If $A^2 + A +I = 0$, then A is diagonalizable. True or false?

Question

Let $A$ be a real square matrix. We assume $A^2 + A +I = 0$. Then A is diagonalizable.

Is this statement true or false? Prove it.

I don't know which could be the first step to prove that. Could you give me any hint?

Thanks in advance.

Answer 1

$A$ cannot be diagonalizable.
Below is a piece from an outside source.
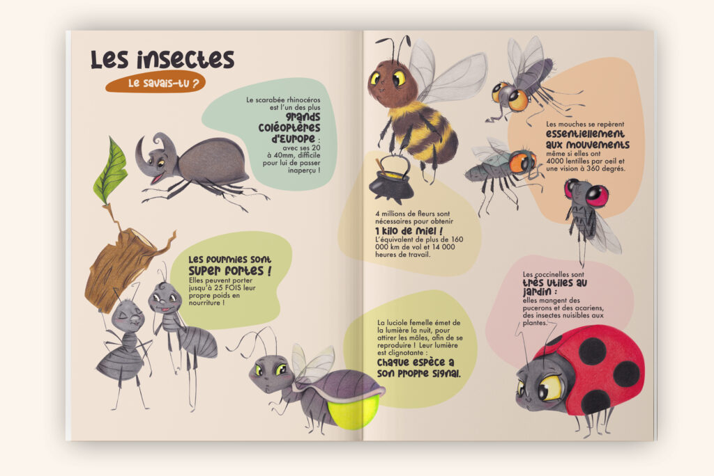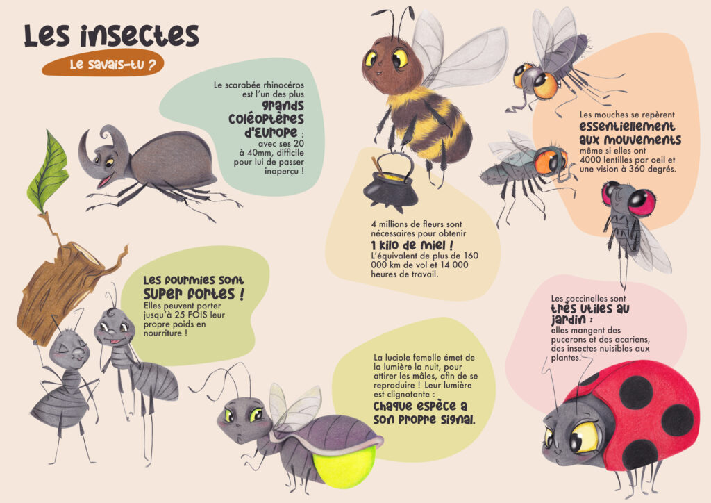 Cette illustration incite les jeunes lecteurs à prendre conscience de l’importance de préserver la nature et d’apprendre à coexister avec ces petits habitants de la Terre. Elle rappelle que les insectes jouent un rôle énorme dans l’équilibre de notre planète.

If $P^{-1}AP=D$, where $D$ is diagonal matrix, one easily derives that $D^2+D+I=0$, so for every element $\lambda$ on the diagonal we would have $\lambda^2+\lambda+1=0$. However, this equation has no real solutions.

Answer 2

By definition, the minimal polynomial of $A$ divides $x^2+x+1$. But this last polynomial is irreducible over $\Bbb R$. So $m_A(x) = x^2+x+1$ and $A$ is not diagonalizable, as $m_A(x)$ is not the product of distinct linear factors.

Answer 3

Hint:

Consider $A=\pmatrix{-\dfrac12&-\dfrac{\sqrt3}2\\\dfrac{\sqrt3}{2}&-\dfrac12},$ which rotates $120^\circ$.

Answer 4

Yes, A is diagonalizable with non-real eigenvalues.

For example, consider $$A=\begin{bmatrix} -2 & -3 \\ 1 & 1 \end{bmatrix}$$that satisfies $A^2+A+I=0$, it is diagonalizable. It being non-symmetric (non-Hermitian) has non-real eigenvalues as $w, w^2$ where $w$ is one cube root of unity.